● Exercise description
What is needed here is an exact repetition of the records below, beginning at the line that has "бабушки в деревнях." and stopping after the line that has "Die Sonnenblenden sind".

● Input records
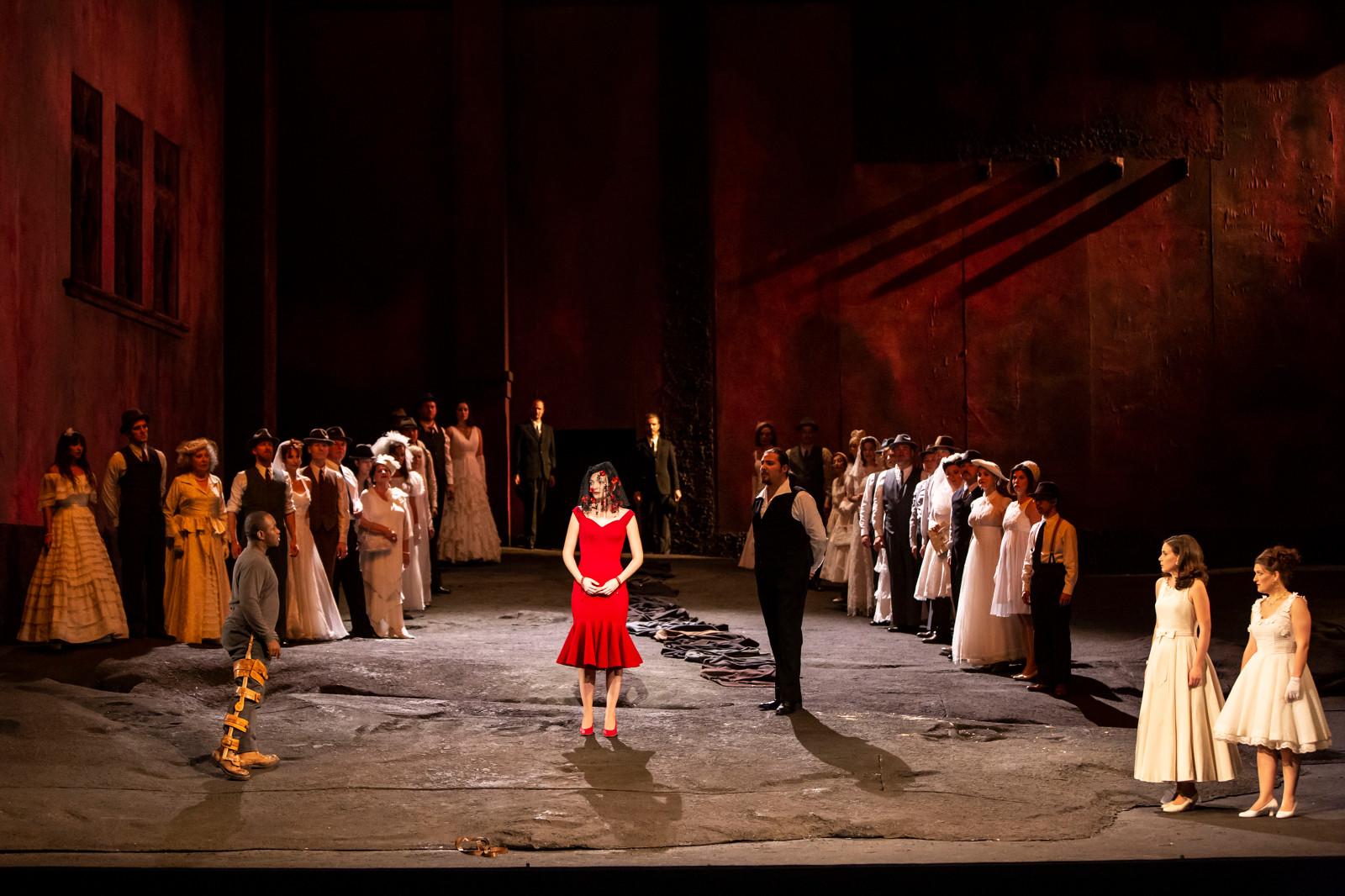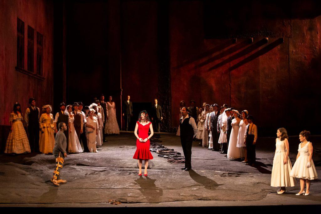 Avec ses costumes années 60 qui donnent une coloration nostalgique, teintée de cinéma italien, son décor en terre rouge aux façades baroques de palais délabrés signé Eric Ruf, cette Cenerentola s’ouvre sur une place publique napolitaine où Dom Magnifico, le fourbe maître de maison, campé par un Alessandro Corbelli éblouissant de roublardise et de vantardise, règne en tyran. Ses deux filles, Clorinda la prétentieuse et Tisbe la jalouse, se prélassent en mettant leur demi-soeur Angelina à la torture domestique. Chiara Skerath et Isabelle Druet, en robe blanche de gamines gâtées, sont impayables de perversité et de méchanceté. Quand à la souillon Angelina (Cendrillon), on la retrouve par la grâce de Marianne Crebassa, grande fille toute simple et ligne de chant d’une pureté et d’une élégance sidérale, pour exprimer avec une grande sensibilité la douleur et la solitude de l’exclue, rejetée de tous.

--

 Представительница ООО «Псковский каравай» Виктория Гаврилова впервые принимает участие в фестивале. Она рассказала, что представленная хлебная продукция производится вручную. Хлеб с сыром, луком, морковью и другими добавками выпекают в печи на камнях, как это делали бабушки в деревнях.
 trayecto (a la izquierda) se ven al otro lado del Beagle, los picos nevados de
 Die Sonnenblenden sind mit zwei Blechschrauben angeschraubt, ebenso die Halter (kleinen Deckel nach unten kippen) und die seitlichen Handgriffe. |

● Response to the task
 Представительница ООО «Псковский каравай» Виктория Гаврилова впервые принимает участие в фестивале. Она рассказала, что представленная хлебная продукция производится вручную. Хлеб с сыром, луком, морковью и другими добавками выпекают в печи на камнях, как это делали бабушки в деревнях.
 trayecto (a la izquierda) se ven al otro lado del Beagle, los picos nevados de
 Die Sonnenblenden sind mit zwei Blechschrauben angeschraubt, ebenso die Halter (kleinen Deckel nach unten kippen) und die seitlichen Handgriffe. |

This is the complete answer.